It's not clear to me why, given that we already de-dupe these, why they would use a multiple-second timeout as a way to get multiple of them to run (one after the other). I supose this is mainly about the race condition around when a job has just begun executing and thus holds the lock. A new revision there should not be discarded since it isn't seen by that job, and declining that workload would result in a state that isn't eventually-consistent or otherwise self-correcting. Basically, we want something other than crude "debouncing" (as locks would give you), but rather "throttling", where the first is allowed to run right away, and a trailing one will always run as well, and in the middle we want to run only one at a given time (not delayed indefinitely).

I suppose the JobQueue de-duplication already gives us this. Based on https://wikitech.wikimedia.org/wiki/MediaWiki_JobQueue

[…] Deduplication based on SHA1. In case the job parameters are the same as some previously executed event, and the similar job was already executed after the event was created - it's skipped. […]

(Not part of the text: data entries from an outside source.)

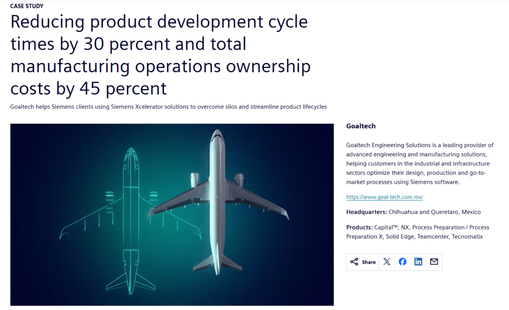 The case study describes how Goaltech, as an authorized Siemens partner, has supported Mexican companies in implementing solutions that optimize processes and reduce costs. The publication highlights our expertise in tools such as Tecnomatix, NX, Solid Edge, and Valor, which are essential for improving efficiency in electronics manufacturing and automation.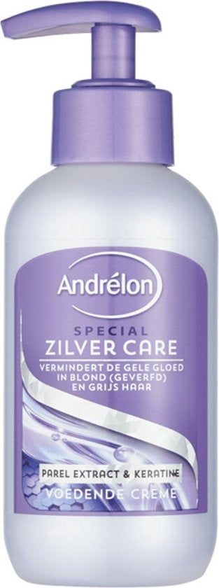 Die Andrélon Zilver Care Pflegecreme hat einen blau-violetten Farbstoff, der den Gelbstich in (gefärbtem) blondem, grauem Haar neutralisiert und das Haar besonders intensiv pflegt.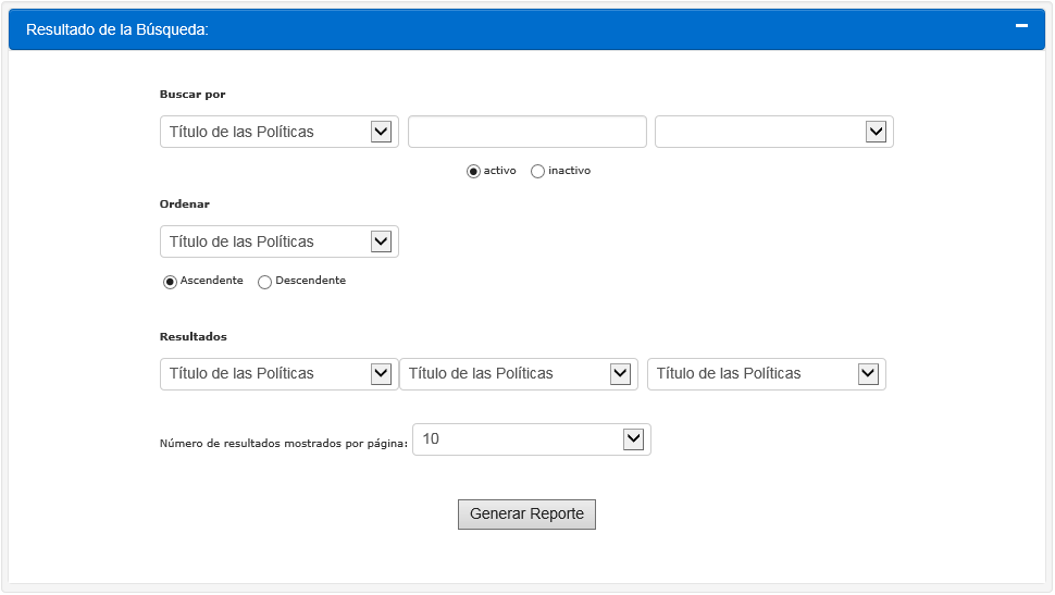 7.Presione Generar Reporte para crear su reporte típico. Los resultados serán desplegados.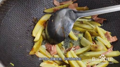先把准备好的配菜切好,火腿放入锅中翻炒均匀后加入黄瓜,加入适量的配料,翻炒均匀后即可出锅。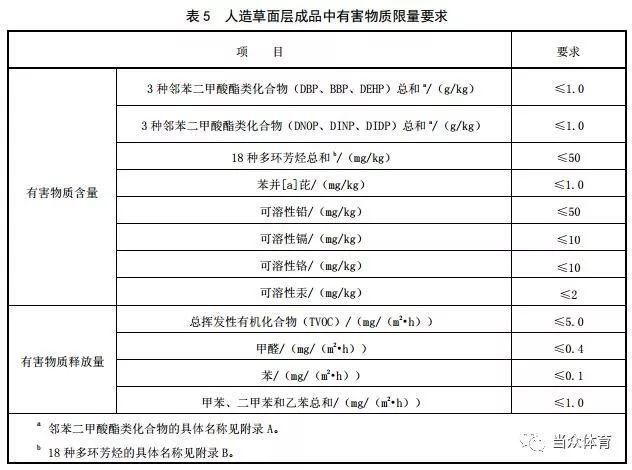 5.1.2 鋪裝前應(yīng)提供所需使用的原料清單(包括品名和數(shù)量)、按照GB/T 16483 編寫的化學(xué)品安全技術(shù)說明書和型式檢驗(yàn)報(bào)告,所使用的原料以及鋪裝后的運(yùn)動(dòng)場(chǎng)地在正常及預(yù)期使用條件下不應(yīng)對(duì)人體健康和生態(tài)環(huán)境產(chǎn)生危害。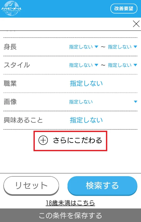 出会いたい地域を設定したら1番下にある『さらにこだわる』をクリック。
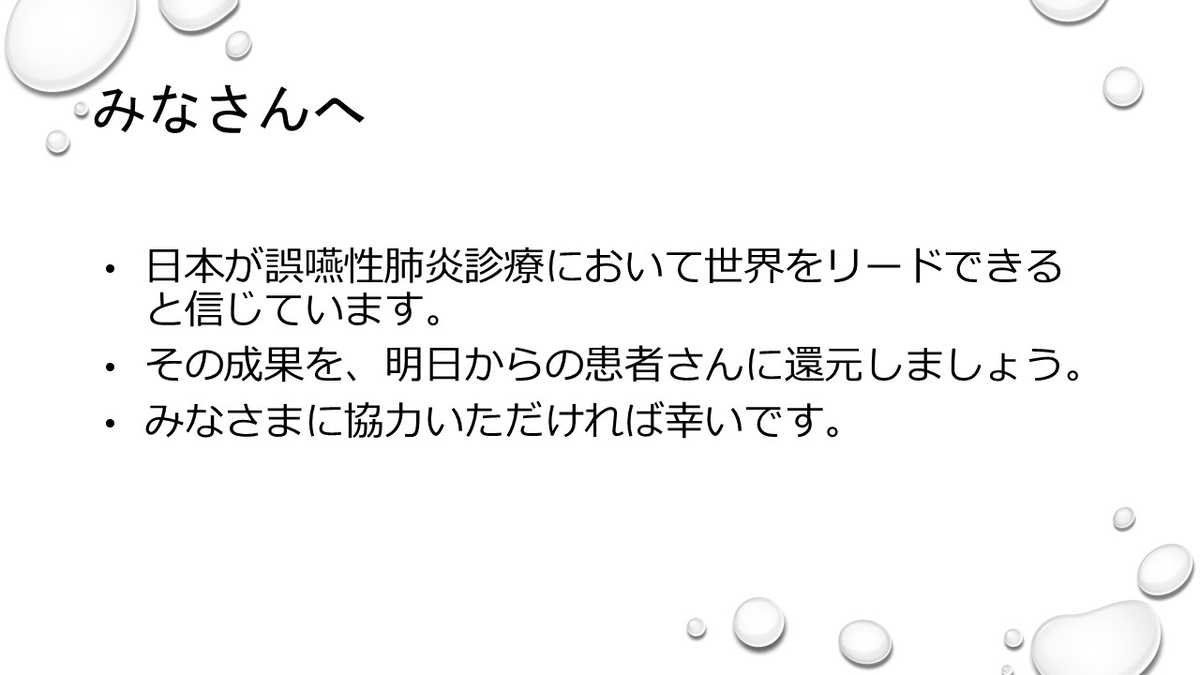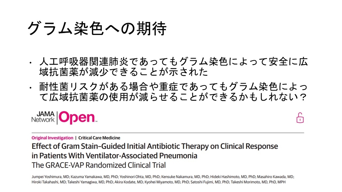 あとは、グラム染色の話も少し盛り上がりました。グラム陰性菌が脱色されるのは、脂肪膜の外側しか染色されないので、アルコールで用意に外側が剥がれて中身が出てくるからと。。勉強になりました。グラム染色を発明したグラムさんは非常に思慮深いひとで、結局彼の発明した方法がずっと変わらず使われていることからも、その偉大さがわかると。。誤嚥性肺炎のグラム染色研究もやはり、必要だなと。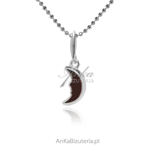 Subtelna zawieszka srebrna uśmiech księżyca z wiśniowym bursztynem

If I'm misunderstanding this, or if we don't want to trust/rely on this for some reason, I suppose one solution could be shorten the timeout to 0 and on denied locks, re-queue the job for later. That has a risk of creating a somewhat-obscured chain of hidden retries if it gets denied repeatedly (i.e. hidden because they count as new jobs, not as retries). I think this will be limited, because de-duplication applies to these as well. And either way, this seems preferred to holding jobqueue workers busy with DB locks like we do today.

For CategoryMembershipChangeJob, any redundant instances are cheap because it detects results of previous work and no-ops before doing expensive work.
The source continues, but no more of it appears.